*** Dataset entries Section Begins ***
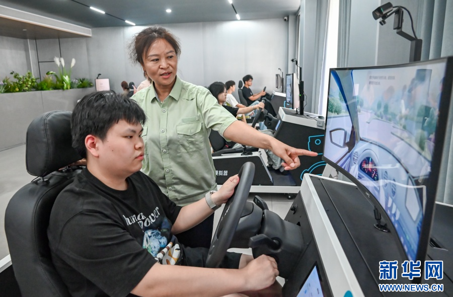 工作人员正在指导学员模拟驾驶。新华网发(付作侨 摄)
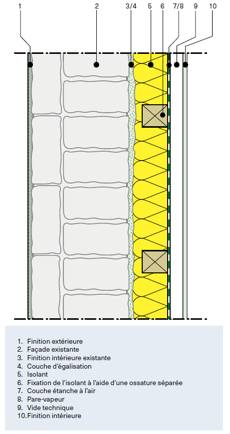➡️ Vous trouverez plus d'information dans la Note d'information technique 300 sur l'solation par l'intérieur des façades existantes.
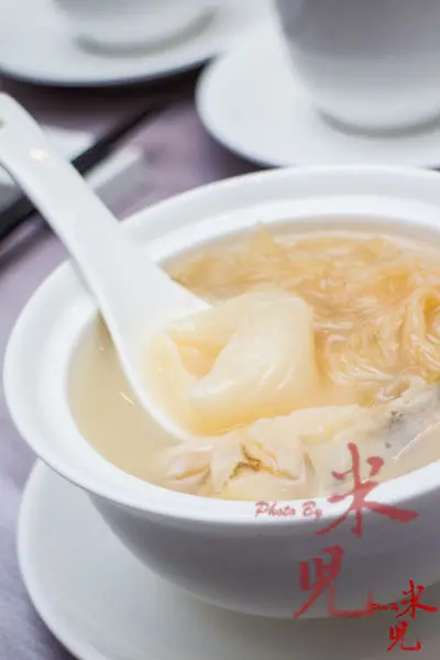 濃湯花膠魚翅,乳白色的湯頭說明了濃郁的口感,裡頭的料多而矜貴,有花膠、魚翅、干貝等好料,所有鮮味共冶一爐,真是讓人意猶未盡!
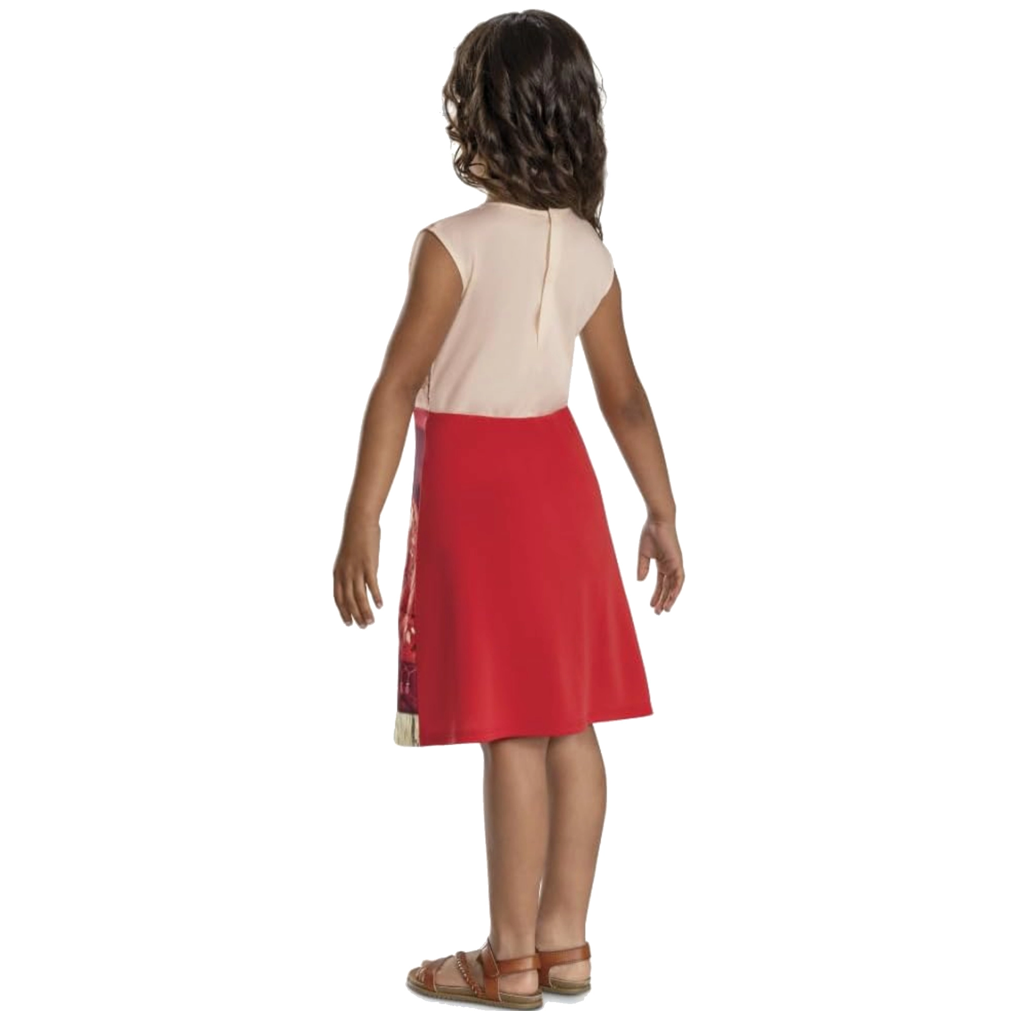 Piros–krémszínű ruha etno mintával és nyomtatott nyaklánccal – teljes Moana megjelenés további kiegészítők nélkül.
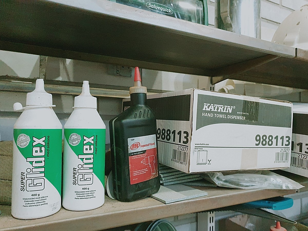 Hyllyn tavarat (ensiapuasema, käsipaperitelineet, opastekyltit ym)
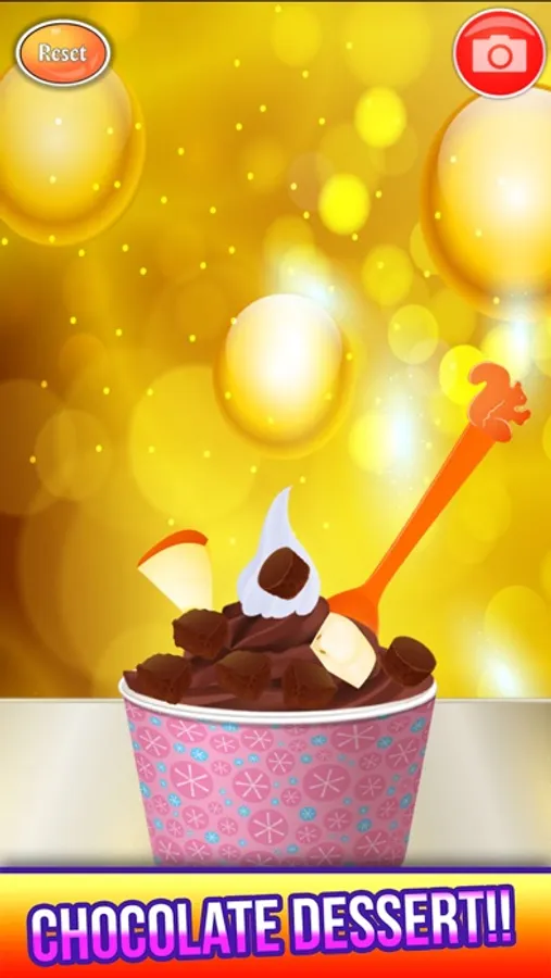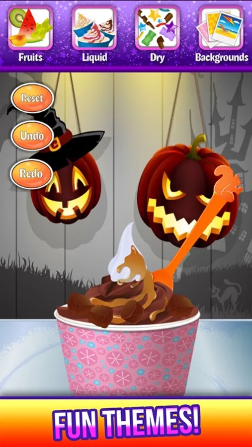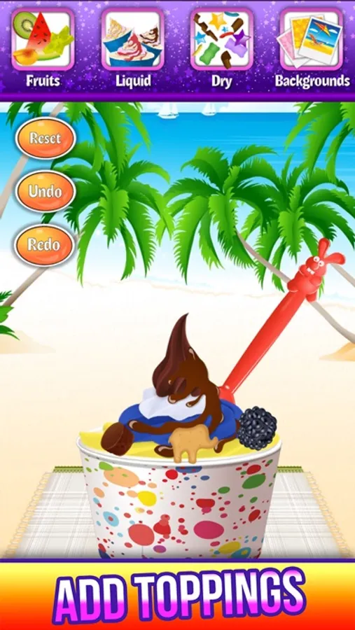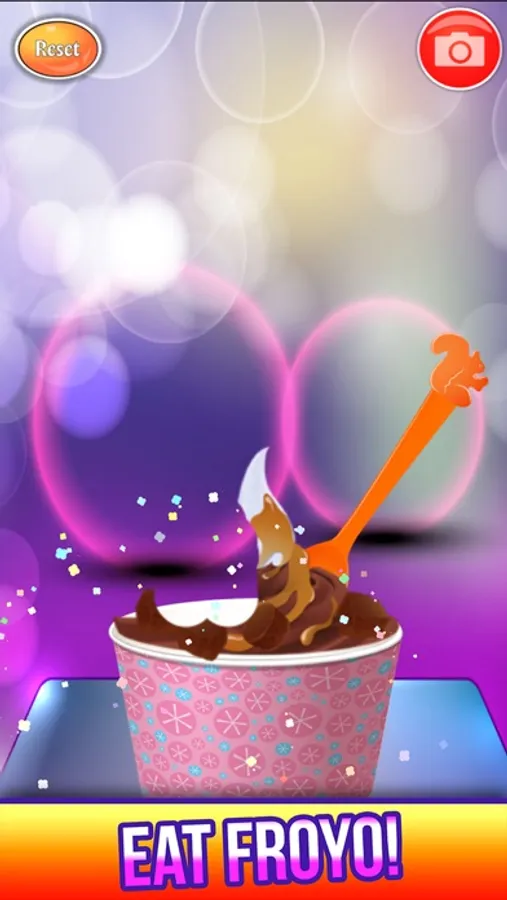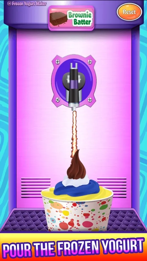 Choose your cup, then pour the frozen yogurt from the machine into the cup! Add a spoon, decorate your treat, add toppings, change backgrounds and much more! Eat your frozen treat!
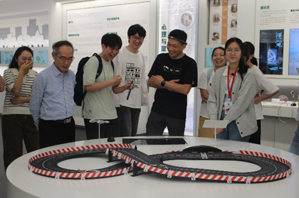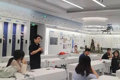 合影结束后,活动进入了令人期待的参观阶段。在博物馆工作人员的带领下,师生共同参观了博物馆中生命与健康展厅,展厅配备了数字解剖台、心理实验教学系统、多学科虚拟仿真实验数字化体系,还有3D打印解剖模型、生药标本、急救模拟人、环境工程AR模型等。教师和学生跟随讲解员参观展厅,并使用展厅的设备进行了沉浸式的体验和互动。特别是支部周婷等老师参与了生态文明板块的策划,在讲解的过程中将生态学课堂知识与展厅内容进行了融合,学生在参观以及互动中进一步加深了对生态学知识的理解。
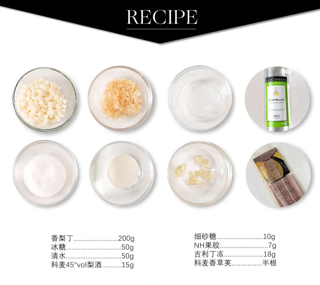 1、香梨丁、清水、冰糖和香草籽搅拌加热煮沸并保持沸腾1分钟,降温至40°C倒入提前拌匀的果胶和砂糖,再次煮沸并保持沸腾1分钟离火。
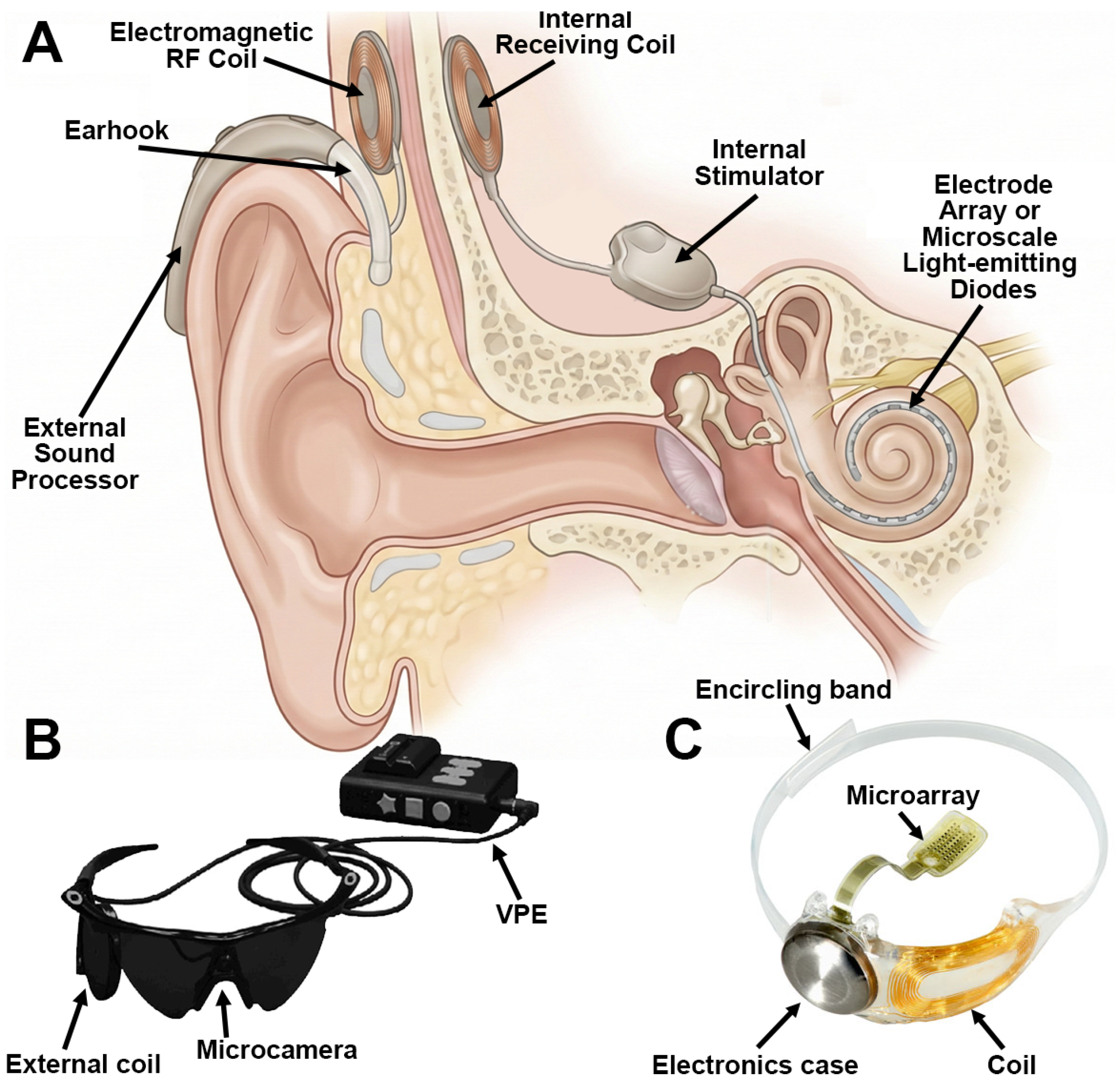 - Trevlakis, S.E.; Boulogeorgos, A.A.A.; Sofotasios, P.C.; Muhaidat, S.; Karagiannidis, G.K. Optical wireless cochlear implants. Biomed. Opt. Express 2019, 10, 707–730. [Google Scholar] [CrossRef]
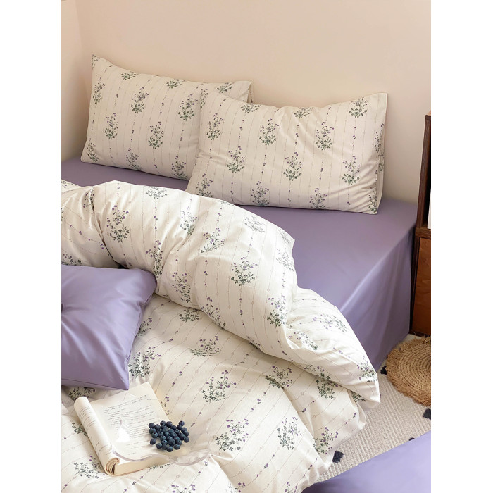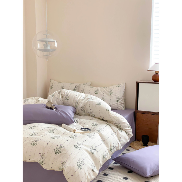 韓式經典紫色小碎花純棉全棉被套三四件套學生宿舍床單被罩1.8m床
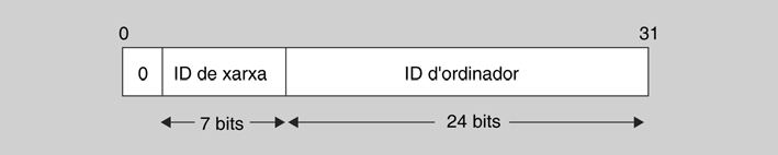- Adreça de classe A. El primer octet identifica la xarxa i el bit que pesa més sempre té el valor de 0. Els 7 bits següents identifiquen la xarxa, i la resta de bits (és a dir, 24) identifiquen les màquines connectades (figura). Aquesta combinació fa que la primera xarxa sigui la 0.0.0.0 i l’última, la 127.255.255.255. En aquest tipus d’adreces hi ha poques xarxes i molts ordinadors. Les adreces que marquen l’inici i final del rang en binari són:
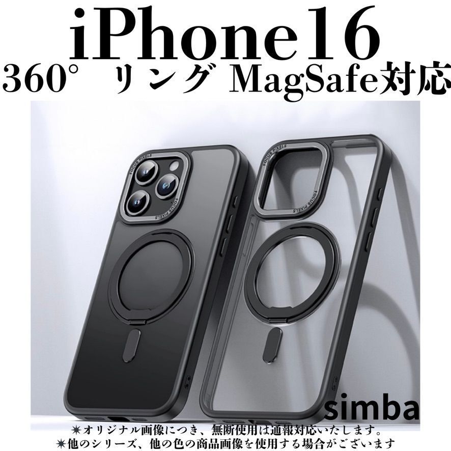 - iPhone 16 ケース ブラック360°回転リング バンカーリング スマホリング スタンド
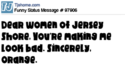 X is Dear women of Jersey Shore, You're making me look bad. Sincerely, Orange.
*** Dataset entries Section Ends ***
The response must repeat exactly the lines above from the one with "合影结束后,活动进入了令人期" through the one with "韓式經典紫色小碎花純棉全棉被套三四件套學生宿舍床單被罩1.8m床", including both, and must contain no pictures and no other text.

Output of the task:
 合影结束后,活动进入了令人期待的参观阶段。在博物馆工作人员的带领下,师生共同参观了博物馆中生命与健康展厅,展厅配备了数字解剖台、心理实验教学系统、多学科虚拟仿真实验数字化体系,还有3D打印解剖模型、生药标本、急救模拟人、环境工程AR模型等。教师和学生跟随讲解员参观展厅,并使用展厅的设备进行了沉浸式的体验和互动。特别是支部周婷等老师参与了生态文明板块的策划,在讲解的过程中将生态学课堂知识与展厅内容进行了融合,学生在参观以及互动中进一步加深了对生态学知识的理解。
 1、香梨丁、清水、冰糖和香草籽搅拌加热煮沸并保持沸腾1分钟,降温至40°C倒入提前拌匀的果胶和砂糖,再次煮沸并保持沸腾1分钟离火。
 - Trevlakis, S.E.; Boulogeorgos, A.A.A.; Sofotasios, P.C.; Muhaidat, S.; Karagiannidis, G.K. Optical wireless cochlear implants. Biomed. Opt. Express 2019, 10, 707–730. [Google Scholar] [CrossRef]
 韓式經典紫色小碎花純棉全棉被套三四件套學生宿舍床單被罩1.8m床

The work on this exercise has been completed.